I just get the "In this time of heightened security, please blah blah duck and cover" every two minutes.

People who play songs over the tiny speakers in their poxy MP3 phones irritate me far more than people whose headphones are a bit leaky. It's like listening to ringtones for fun, and it makes me want to hulk out in a particularly nasty way. Even more so if the chump(s) in question are singing along.
 
 
nameinuse
10:18 / 06.04.06
I also have the joy of travelling on the trains down south, and the announcements irk me, too. It's not been so bad since that "especially alert in the run-up festive season" one, read in a disinterested irish accent, that reminded me so much of the "tunnel of goats" announcements at the fair in Father Ted.

I think the most aggravating thing about the headphones one is that it sounds so teacher-ish (they really need a new announcement-writer, they're universally laboured and unpleasent to listen to. I might write to them and suggest the annouce everything in haiku from now on), and therefore strikes me as ineffective at best. That and the fact that anyone with headphones on playing loud music isn't going to hear it...
 
 
ONLY NICE THINGS
10:29 / 06.04.06
That's a goood point - what they really need is for the announcement to be an EAR-SPLITTING BELLOW of "turn the volume down, nobbers!"

Not that this will have any effect, of course.
 
 
Cat Chant
10:48 / 06.04.06
Mattvara - thanks for that "those guys" link. I had far too little untamed hatred and anger within me today until I watched the video. Kevin Carlyon is 'so gay that even George Michael would yell fag at him', is he? Well, that's put him in his place. And George Michael in his. And, of course, me in mine. I also loved the confused rhetoric around (a) date rape and (b) women's responsibility not to feed men's egos by fucking them.

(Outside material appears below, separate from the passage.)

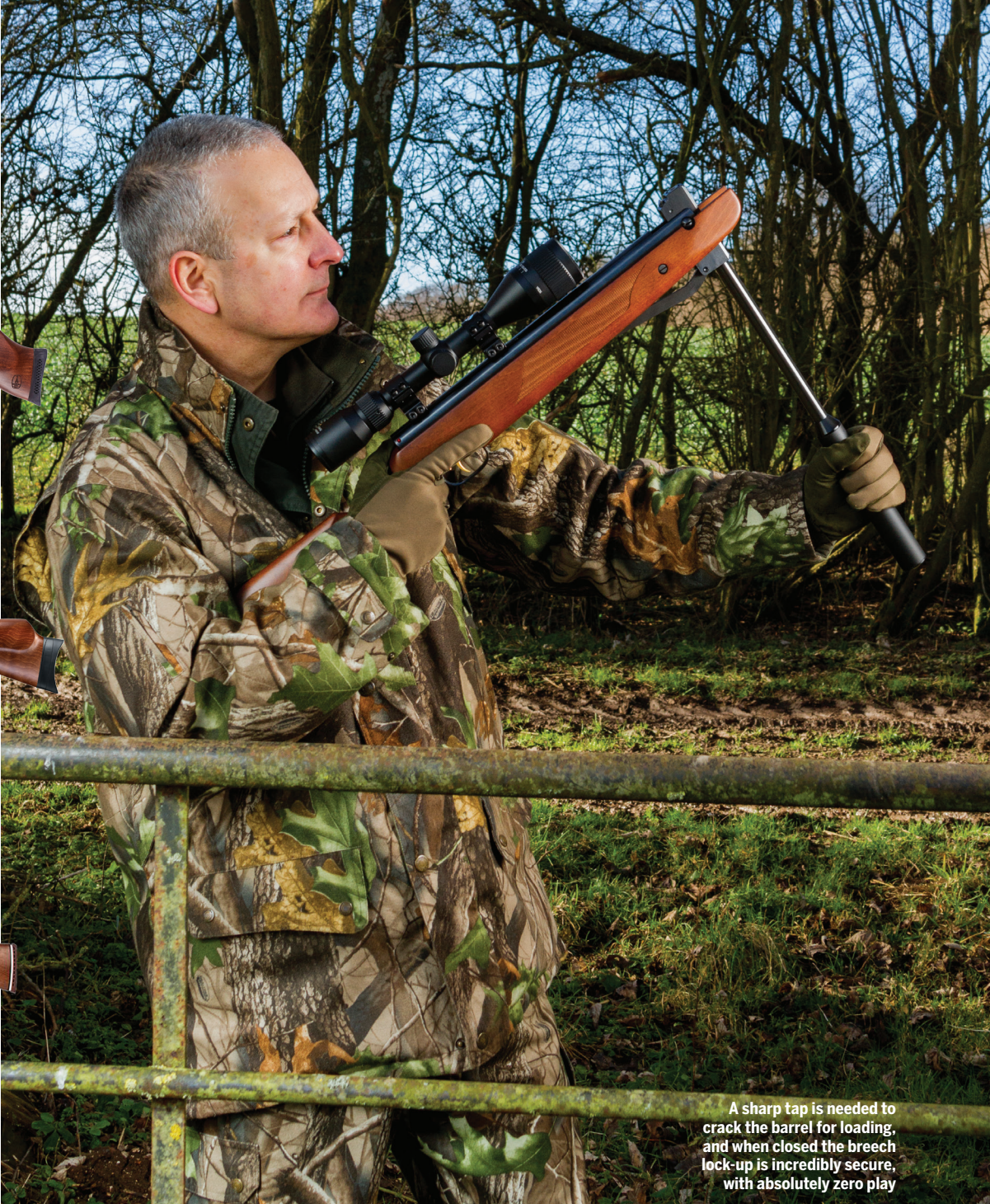
A sharp tap is needed to crack the barrel for loading, and when closed the breech lock-up is incredibly secure, with absolutely zero play

ON TARGET Firing the rifle with the forend resting lightly in the palm of my leading hand, which in turn was resting on a shooting bag, the 95K would happily group under a 10-pence piece – and if I were a better shot with springers, I'm sure this could be tightened even further. Reducing the range to 25 yards saw the groups shrink to one-hole groups

(In other words, people, don't click on that link up there, it'll just spoil your day.)
 
 
matthew.
12:29 / 06.04.06
Hokay.
 
 
Regrettable Juvenilia
12:40 / 06.04.06
For those who haven't clicked on the link because they're at work, mattvara, could you offer a brief summary of its content?
 
 
Less searchable M0rd4nt
12:47 / 06.04.06
Whoa. Just clicked that link. mattvara, WTF are you on eh? That's just... damn, I mean, I know you're relatively new but surely the most cursory glance around Barbelith would awaken you to the fact that using 'gay' as a perjorative (not to mention related slurs) is a) offensive, b) pigfuckingly stupid and c) going to get you hauled up and roasted in pretty short order.

I suggest you go and read the wiki again, with particular reference to this part. There's even a Venn diagram which you may find educational.

When you've done that, I strongly recommend that you apologise for posting a link with homophobic content.
 
 
matthew.
13:26 / 06.04.06
Requested to delete the link. I thought that perhaps people would find the use of the word "douchebaggery" funny. I had forgotten the "fag" portion of the video. Really, it was the "douchebaggery" part that I found hilarious. That being said, I still shouldn't have linked to any homophobic content, no matter how (relatively) funny I found other parts of it.

Considering my reaction to zoemancer, this is perhaps hypocritical of me. I sincerely apologize for my severe lapse in judgment. It was in bad taste.
 
 
Quantum
14:00 / 06.04.06
Homophobic links aside, that dude Kevin does look like a git. The pagan/medallion man crossover really doesn't work for him (or anybody).
 
 
Ex
07:56 / 07.04.06
I'm checking on my students' essay plans by email, so google mail has picked up the word 'essay' and started including advertising links to buy-an-essay sites. No, you bloody cheating fuckfucks! And are you offering the same thing to my highly intelligent, but extremely stressed and deeply in debt students? I refuse to sit through another tearful plagiarism committee.
 
 
Cat Chant
11:00 / 07.04.06
Thanks, mattvara.
 
 
Cat Chant
11:04 / 07.04.06
That's a thanks without invisible %%s, this time, btw. I appreciate the apology a lot.